Consumers are confused about privacy issues, however, and with good reason, said Larry Lozon, CEO of Privaseek. " Let consumers know what information you're collecting and how will it be used," he said.


Much of the privacy language adds to this confusion. "How many consumers understand the three-letter word 'opt'?" said Lozon. "We need to simplify the language."


In the meantime, the Federal Trade Commission has already begun to monitor how consumer's information is collected by Web sites with its Child Online Privacy Protection Act as well as the litigation it brought against sites such as Geocities.com.


The FTC appears poised to get more involved with the Net. "The FTC chairman has said we'll continue to be active [in this area]," said Dean Forbes, a member of the Federal Trade Commission's Advertising Practices Division. "Everyone should keep a watchful eye as to what their companies are doing."


This should serve as a wake-up call. "The heat is on and its on big time and its on you and me and we have to deliver," said John Kamp, senior vice president at the American Association of Advertising Agencies, Washington.


Others said government intervention is a good thing. "Self regulation hasn't worked. It's time for reasonable regulation to inspire consumer confidence," said Ray Everett Church, chief privacy officer at AllAdvantage.com.

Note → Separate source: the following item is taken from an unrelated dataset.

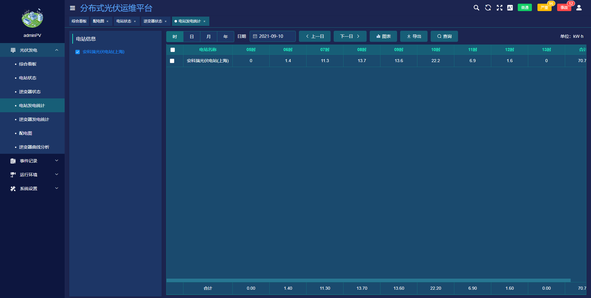 展示所選電站的時(shí)、日、月、年發(fā)電量統(tǒng)計(jì)報(bào)表。

One proactive measure companies can currently take is to launch media education campaigns, said Kamp, to express "the value of sharing information online." He also suggested Web sites appoint a privacy czar and actively participate in the development of standards that are already being shaped in Washington and in the marketplace.


The FTC's Forbes suggested if you have a privacy policy, follow it and "make it so consumers can find your privacy policy."


Nail summed up the situation by saying that privacy has always taken a backseat to other issues. "It's hard to draw attention to something that isn't a fire under [Web site owners] feet. Hopefully it doesn't have to get to that."